(Input data)
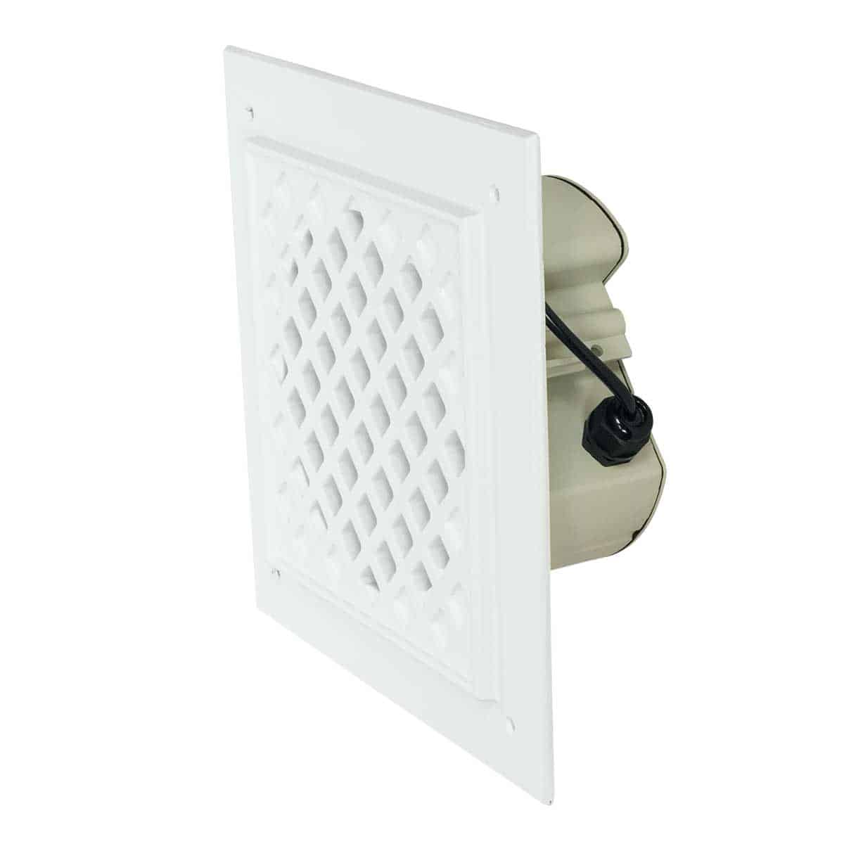 The speaker assembly shall be Lowell Model VRG-LUH15TX, which shall feature a vandal-resistant cast aluminum grille with secondary galvanized steel perf. The cast aluminum grille with white finish shall be mounted to a weather resistant re-entrant horn (LUH-15TX). The re-entrant horn shall include a self-contained compression driver in cast aluminum weather-resistant housing that can be installed in 4 inch deep (minimum) space. Power rating shall be 15 watts continuous. Unit shall include a 100/70/25V transformer with taps selectable on rear of horn, and includes an 8ohm transformer bypass input. The VRG-LUH15TX will ship ready for standard two-wire connection with cable exiting through a rear waterproof gland-type connector.
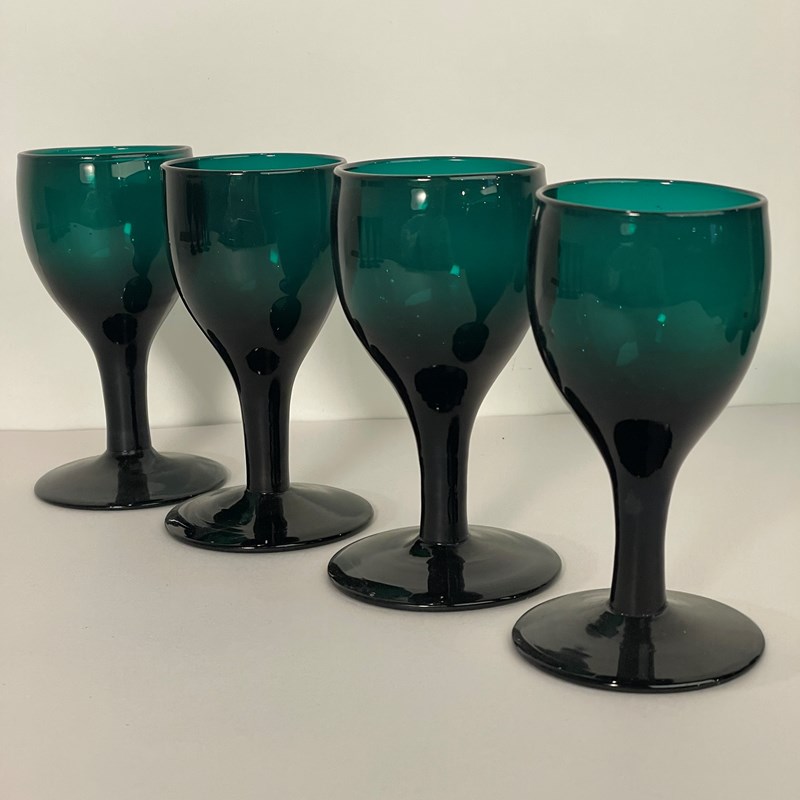 A set of 4 Victorian port glasses, each one hand blown with a polished pontil mark underneath the foot.
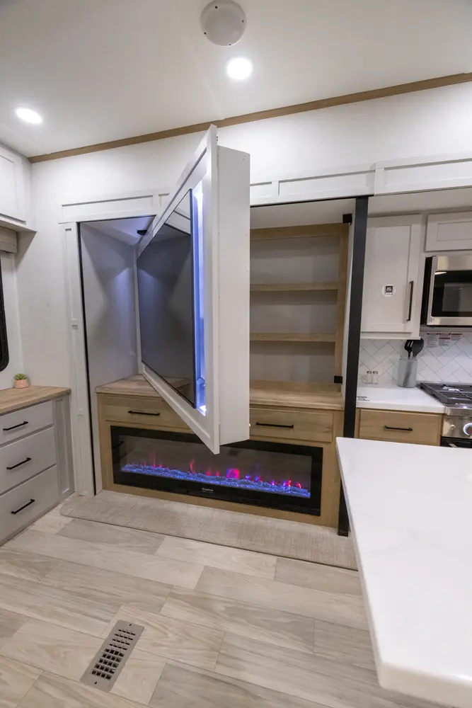 The Sierra Fifth Wheels 3900HBLR floorplan has one entry and three slide outs. Exterior features include: fiberglass exterior and 12' & 18' awning. Interiors features include: kitchen island, rear living and bathroom and a half.

(Required action) Write the material out again exactly. Do not include the pictures.

(Solution to this task)
 The speaker assembly shall be Lowell Model VRG-LUH15TX, which shall feature a vandal-resistant cast aluminum grille with secondary galvanized steel perf. The cast aluminum grille with white finish shall be mounted to a weather resistant re-entrant horn (LUH-15TX). The re-entrant horn shall include a self-contained compression driver in cast aluminum weather-resistant housing that can be installed in 4 inch deep (minimum) space. Power rating shall be 15 watts continuous. Unit shall include a 100/70/25V transformer with taps selectable on rear of horn, and includes an 8ohm transformer bypass input. The VRG-LUH15TX will ship ready for standard two-wire connection with cable exiting through a rear waterproof gland-type connector.
 A set of 4 Victorian port glasses, each one hand blown with a polished pontil mark underneath the foot.
 The Sierra Fifth Wheels 3900HBLR floorplan has one entry and three slide outs. Exterior features include: fiberglass exterior and 12' & 18' awning. Interiors features include: kitchen island, rear living and bathroom and a half.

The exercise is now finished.